Process unsubscribes promptly and add the address to a suppression list so it does not reappear at the next import. Continuing to send after someone has unsubscribed or asked to be deleted is the most common aggravating factor in Romanian fines.
Unsubscribe does not cover everything. The GDPR gives the person other rights too, including access to their data and erasure. Handle those requests quickly as well and keep them separate from a simple newsletter unsubscribe.
What you risk if you get it wrong
The risk has two layers. For breaking the consent rules, the GDPR provides fines of up to 20 million EUR or 4% of global annual turnover, whichever is higher. Law 506/2004 has its own administrative fines. Add to that the loss of deliverability and reputation. Informational, not legal advice.
There are two sanction regimes. For breaches tied to the legal basis and to consent, the GDPR sets a ceiling of up to 20 million EUR or 4% of worldwide annual turnover, whichever is higher (Article 83(5)). That is the maximum ceiling, not the typical fine. Law 506/2004 separately provides administrative fines for electronic communications.
In practice, the fines issued in Romania for unsolicited messages have been in the thousands of euro, as the cases already listed on this page show. ANSPDCP looks first at whether you had a valid basis and whether you kept sending after a request to stop.
Beyond the fine there is a quieter commercial cost: spam complaints damage your domain reputation, push you into the spam folder and can get your sending blocked. Often the loss of deliverability costs more than the fine. This text is informational and does not replace legal advice.
Checklist: how to stay compliant
Basis and proof. You collect explicit consent for new subscribers or use soft opt-in only for existing customers, on similar products. You keep proof of consent: what the person agreed to, when and by which method.
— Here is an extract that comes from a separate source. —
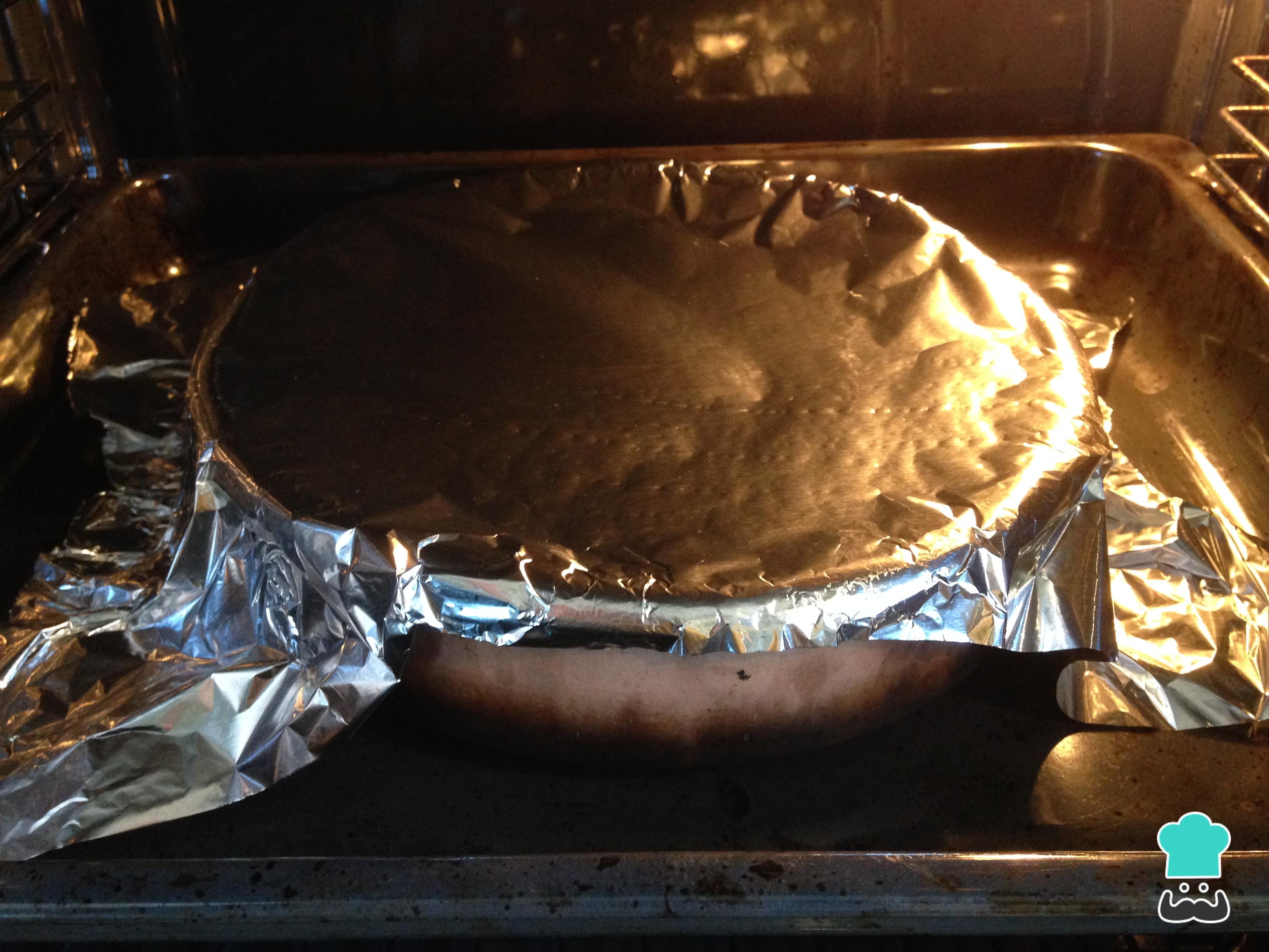 Taparemos la cacerola con papel de aluminio y la introduciremos en el horno, precalentado a 180ºC, durante unos 30 minutos.

Every message in order. You have an identifiable sender, a subject line that does not mislead and a functional unsubscribe link in every email. You honour unsubscribes immediately and do not send again to those who left.
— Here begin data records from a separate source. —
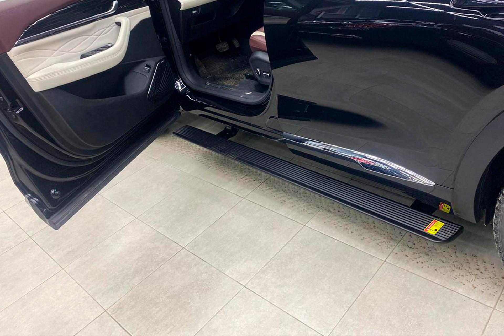 Высокий клиренс Джили Монжаро делает посадку менее удобной для детей и пассажиров старшего возраста. Установка автоматических подножек упрощает доступ в салон и повышает общий уровень комфорта.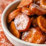 While you technically can, regular potatoes don’t have that natural sweetness and creamy texture that make this dish so special. Sweet potatoes provide the signature flavor and softness that candy up beautifully.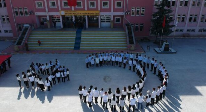 Ankara’nın Kızılcahamam ilçesinde İbn-i Sina Mesleki ve Teknik Anadolu Lisesi öğrencileri, ‘Bahar Kalkanı’ harekâtına destek olmak için okul bahçesinde ay-yıldız figürü oluşturdu. Havadan görüntülenen o ana, Türk bayrağı da eşlik etti.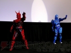 上映を前にしてタッグを組んだ2人のライダーは、“キバ”が秋山さんを助け、その間に“電王”が“ネガタロス”と戦うというみごとな連携を披露。2人の見せた「ダブルアクション」に恐れをなしたか(定かではない感じでしたが)、“ネガタロス”はステージ裏に撤収し、秋山さんを救った2人のライダーが観客の前に姿を見せてくれました。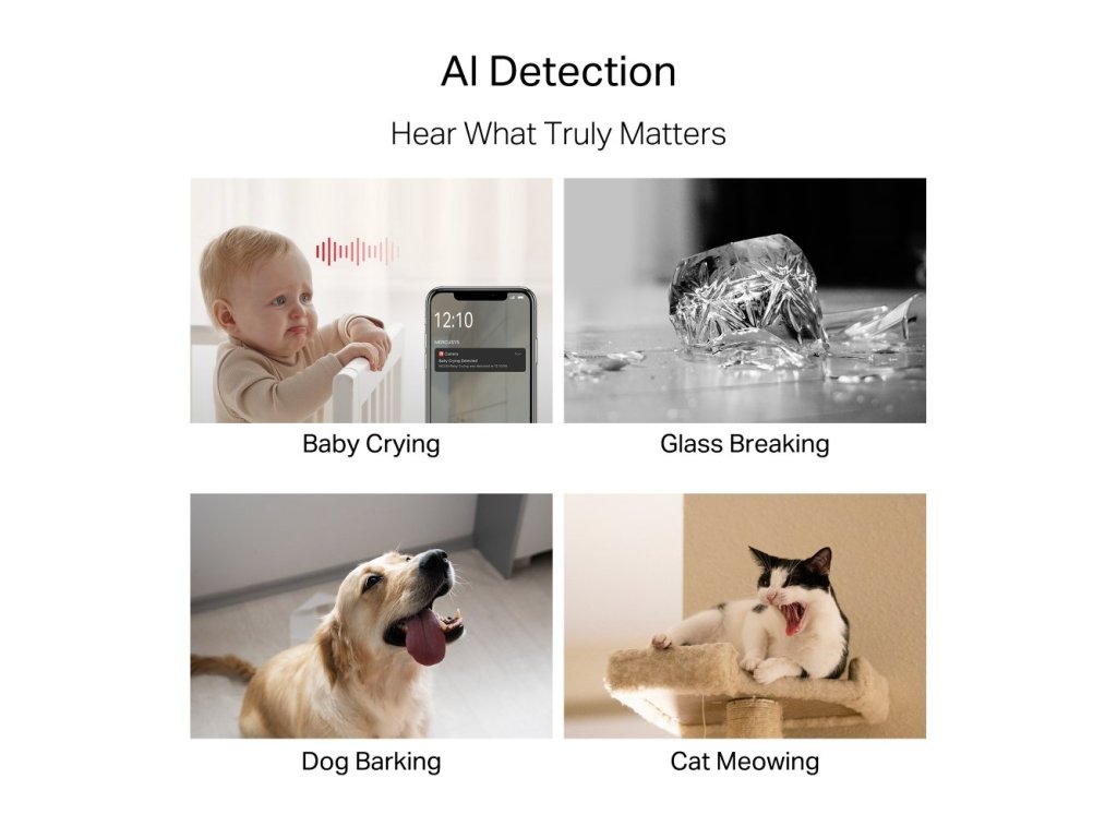 Pokročilá detekcia pohybu a zvuku využíva umelú inteligenciu na presnú identifikáciu osôb, zvierat, vozidiel alebo detského plaču. Vďaka tomu kamera odfiltruje rušivé vplyvy a upozorní vás len na skutočne dôležité udalosti. Rozpozná aj rozbitie skla, štekot alebo mňaučanie domácich zvierat.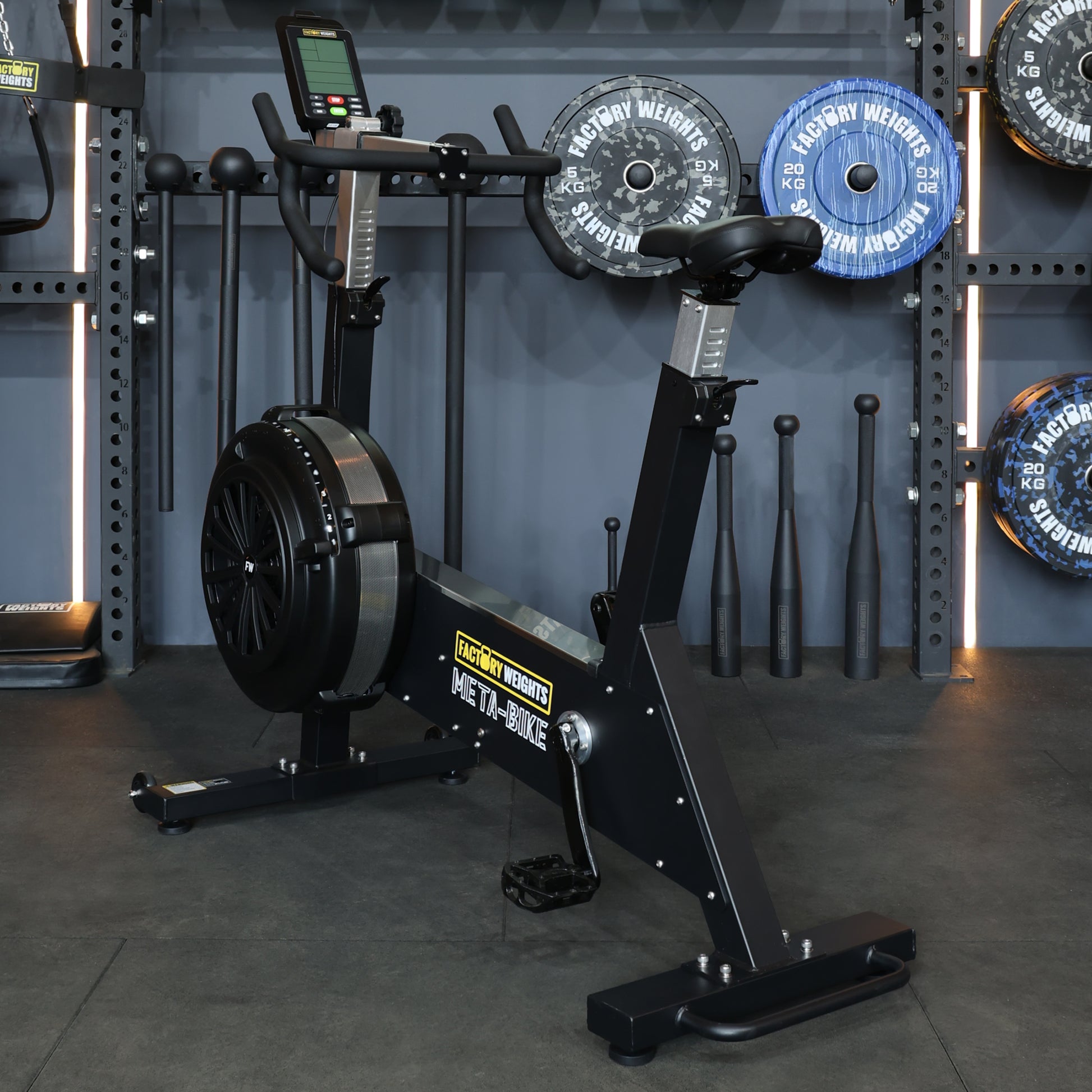 The Factory Weights Meta Bike is the latest innovation in stationary bikes. Perfect for Short HIIT sessions or longer endurance work the Meta Bike is the ultimate tool to enhance your conditioning. Suitable for home or commercial use, this exercise bike is designed to endure the rigours of the most demanding training environments. Featuring the latest state of the art Factory Weights Meta Monitor to accommodate multiple training styles and functions. It also features bluetooth connectivity and multiple resistance settings.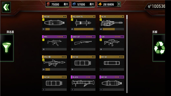 2、在战斗闯关模式中,每一关都设定了关卡的难度分级,在开始任务前,玩家可以在装载中选择战斗中所使用的武器,点击可进行筛选,最多只能带三样武器,需要按等级解锁,点击前往部队可查看地面部队类型以及装载的武器。

Hygiene and rights. You use double opt-in for proof, keep your lists clean, set up SPF, DKIM and DMARC for deliverability and answer access or erasure requests. Revisit this checklist regularly. It remains an orientation guide, not legal advice.
What you need to know
Who regulates
ANSPDCP (dataprotection.ro). It has issued real fines for unsolicited messages: English Home 5,000 EUR, Best Elan ~1,000 EUR (2024), Inteligo Media ~9,000 EUR.
Consent vs soft opt-in
Explicit consent (unchecked box) for new subscribers. For existing customers, soft opt-in under Law 506/2004 for similar products, with opt-out in every message.
Unsubscribe
Every commercial email needs a functional opt-out. Continuing after a deletion request is the number-one aggravating factor in Romanian fines.
The three legal bases
| Basis | When you use it | Key conditions |
|---|---|---|
| Consent | New subscribers | Unchecked box + clear notice |
| Legitimate interest | Existing customers | Absolute right to object to marketing |
| Soft opt-in | After a sale | Similar products + opt-out in every message |
How we configure it
Consent, double opt-in to prove agreement, clear unsubscribe and request handling. Double opt-in is not legally required, but it is the safest way to prove consent.
Frequently asked questions
How do I send a newsletter legally in Romania?
With explicit consent for new subscribers or soft opt-in for existing customers (Law 506/2004, similar products), and a functional unsubscribe in every message.
Can I send email marketing without consent?
Only via soft opt-in to existing customers, for similar products, with an unsubscribe option. Otherwise you need consent.
Do I need double opt-in?
Not legally required, but best practice to prove consent. We recommend it.
What fines do I risk?
Law 506/2004 provides 5,000-100,000 lei; the GDPR framework can reach millions of euro. Real Romanian fines for unsolicited messages have been in the thousands of euro.